Consider a compact Riemann surface $X$ of genus $g$.
It is well-known that its fundamental group $\pi_1(X)$ is the free group on the generators $a_1,b_1,...,a_g,b_g$ divided out by the normal subgroup generated by the single relator $[a_1,b_1]\cdot \ldots\cdot [a_g,b_g]$.
(This has of course nothing to do with the complex structure of $X$, but may be computed by considering the underlying topological manifold as a cell complex.)
This group is trivial for $g=0$ and free abelian on two generators for $g=1$.

For $g\geq 2$, however, I had always taken for granted that it is not free but I have just realized that I cannot prove that.

So, although I guess the answer is no, I'll ask my official question in an open way : Is $\pi_1(X)$ free for $g\geq 2$ ?
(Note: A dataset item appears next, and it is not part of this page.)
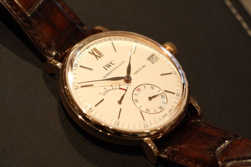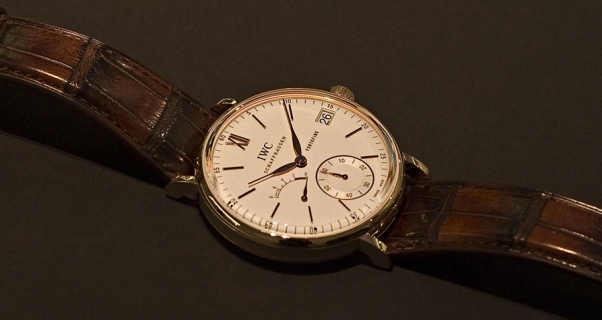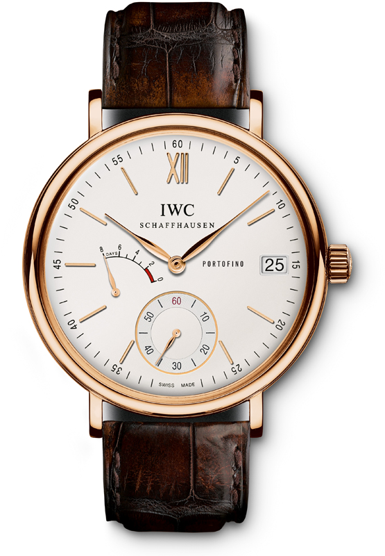 Часы IWC Portofino Hand-Wound Eight Days IW510107 выпущены в круглом корпусе из розового золота, 18к. Размер составляет 45 х 12 мм, водонепроницаемость 30 м. Внутри корпуса установлен механизм с ручным заводом, Калибр 59210, обеспечивающий запас хода 8 дней. На белом циферблате отображаются часы, минуты, секунды, дата, запас хода. Часы комплектуются ремешком из кожи аллигатора с вставкой из розового золота, 18к.

Edit: Users have now brilliantly solved the problem in multiple ways.
Non-freeness is definitely established, with 12 proofs plus sketches of proofs in the comments!
It is clearly impossible to select in a reasonable way an answer for "acceptance" among all these great answers .
Since the software forces me to make only one choice, I have chosen Daniel's answer because of its merit, but also because it acknowledges Vitali's contribution: Vitali was the first to sketch a solution (in the comments) .

Answer 1

You can use covering spaces instead of cohomology.

(Edit: This proof does not use a presentation of the group, either -- just the weaker fact that its abelianization is free of rank $2g$.)
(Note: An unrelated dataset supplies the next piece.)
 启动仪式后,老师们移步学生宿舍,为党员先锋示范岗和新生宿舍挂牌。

As Daniel pointed out in his comment, if the group were free it would have to be free on $2g$ generators. The genus $g$ surface has a $2$-sheeted covering space which is a genus $2g-1$ surface. Every index $2$ subgroup of a free group on $r$ generators is free on $2r-1$ generators, because it is the fundamental group of a $2$-sheeted covering space of a wedge of $r$ circles. So $2(2g-1)=2(2g)-1$, a contradiction.

Answer 2

As per Theo's request, I'm posting this as an answer, though it's largely an expansion on Vitali's comment. Let $F_n$ be the free group on $n$ letters; $K(F_n, 1)$ is a wedge of $n$ circles and so has vanishing cohomology in degrees $>1$. On the other hand, if $X$ is a compact Riemann surface of genus $g>1$, $X$ is a $K(\pi_1(X), 1)$ as its universal cover is the upper-half plane, which is contractible. But then $$H^2(\pi_1(X), \mathbb{Z})=H^2_{sing}(X, \mathbb{Z})=\mathbb{Z},$$ which is non-zero. In particular, $\pi_1(X)$ has non-vanishing cohomology in degree $2$ and so is not free, as Vitali says.

Answer 3

There are many good answers already, but maybe you'll be interested in a counting argument.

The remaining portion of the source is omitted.